An exact copy is needed of the lines in the entries below from the line with "O troca-troca partidário" up to and including the line with "- ピクテ社会貢献活動 ピクテ×ブリッジフォースマイル", and of nothing else. Leave the pictures out.

| RECORDS TO PROCESS |
------------

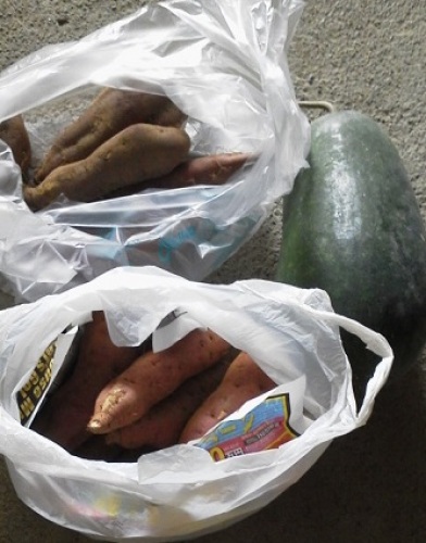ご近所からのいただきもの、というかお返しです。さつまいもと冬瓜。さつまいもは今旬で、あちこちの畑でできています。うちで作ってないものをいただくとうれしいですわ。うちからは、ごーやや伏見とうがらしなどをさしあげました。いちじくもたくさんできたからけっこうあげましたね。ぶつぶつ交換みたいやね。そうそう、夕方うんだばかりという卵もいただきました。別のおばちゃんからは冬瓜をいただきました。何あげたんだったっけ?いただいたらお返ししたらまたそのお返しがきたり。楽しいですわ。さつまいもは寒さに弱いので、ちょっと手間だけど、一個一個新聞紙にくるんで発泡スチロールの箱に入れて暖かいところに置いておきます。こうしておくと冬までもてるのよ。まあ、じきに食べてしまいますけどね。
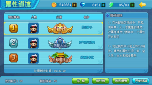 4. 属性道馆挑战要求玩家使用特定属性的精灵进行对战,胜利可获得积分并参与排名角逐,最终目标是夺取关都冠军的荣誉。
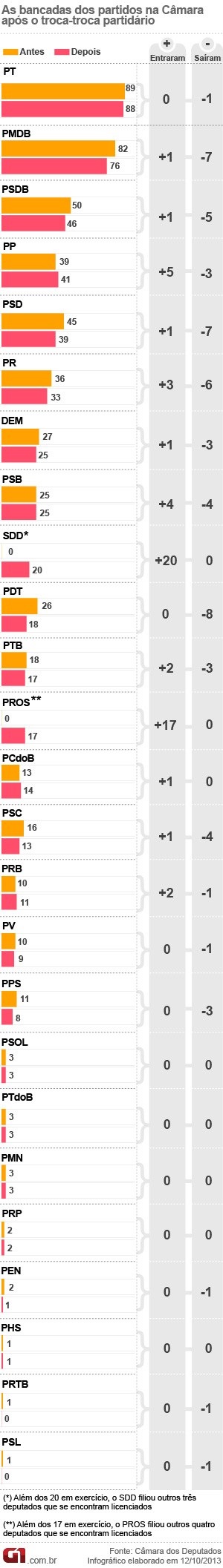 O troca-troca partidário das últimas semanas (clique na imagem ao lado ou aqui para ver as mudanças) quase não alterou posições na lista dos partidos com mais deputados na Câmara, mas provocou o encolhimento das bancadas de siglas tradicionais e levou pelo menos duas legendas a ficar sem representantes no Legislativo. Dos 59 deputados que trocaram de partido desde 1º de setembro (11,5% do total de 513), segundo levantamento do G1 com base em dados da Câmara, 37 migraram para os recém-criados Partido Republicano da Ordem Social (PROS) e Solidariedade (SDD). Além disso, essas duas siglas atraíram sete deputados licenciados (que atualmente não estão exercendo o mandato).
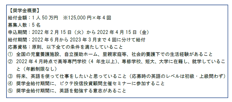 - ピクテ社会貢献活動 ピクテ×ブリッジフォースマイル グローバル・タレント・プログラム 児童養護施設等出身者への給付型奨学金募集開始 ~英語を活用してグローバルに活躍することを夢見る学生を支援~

------------

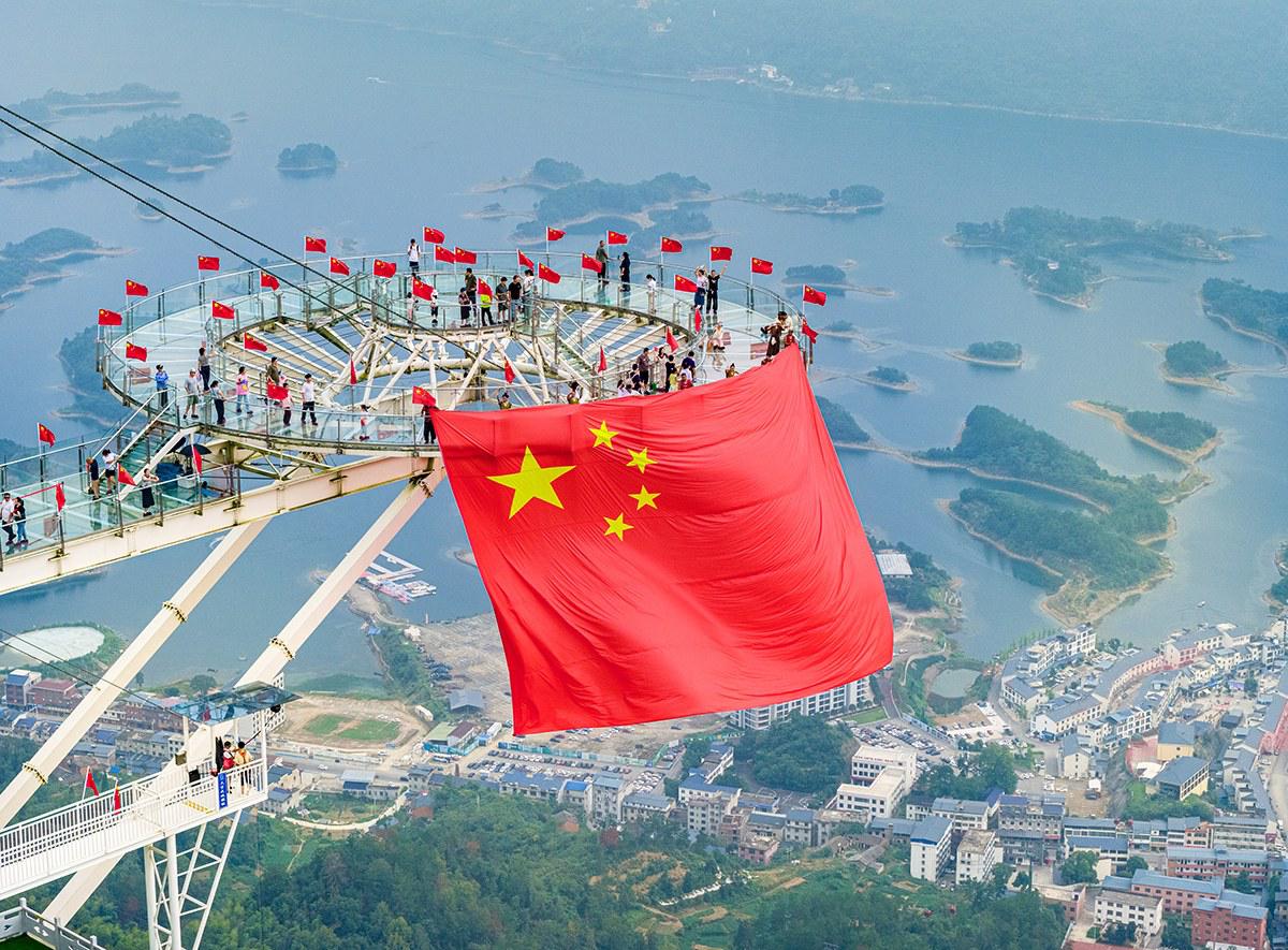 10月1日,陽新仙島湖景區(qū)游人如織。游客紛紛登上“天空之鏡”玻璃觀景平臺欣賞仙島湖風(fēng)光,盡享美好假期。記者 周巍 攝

------------

| EXPECTED ANSWER |
 O troca-troca partidário das últimas semanas (clique na imagem ao lado ou aqui para ver as mudanças) quase não alterou posições na lista dos partidos com mais deputados na Câmara, mas provocou o encolhimento das bancadas de siglas tradicionais e levou pelo menos duas legendas a ficar sem representantes no Legislativo. Dos 59 deputados que trocaram de partido desde 1º de setembro (11,5% do total de 513), segundo levantamento do G1 com base em dados da Câmara, 37 migraram para os recém-criados Partido Republicano da Ordem Social (PROS) e Solidariedade (SDD). Além disso, essas duas siglas atraíram sete deputados licenciados (que atualmente não estão exercendo o mandato).
 - ピクテ社会貢献活動 ピクテ×ブリッジフォースマイル グローバル・タレント・プログラム 児童養護施設等出身者への給付型奨学金募集開始 ~英語を活用してグローバルに活躍することを夢見る学生を支援~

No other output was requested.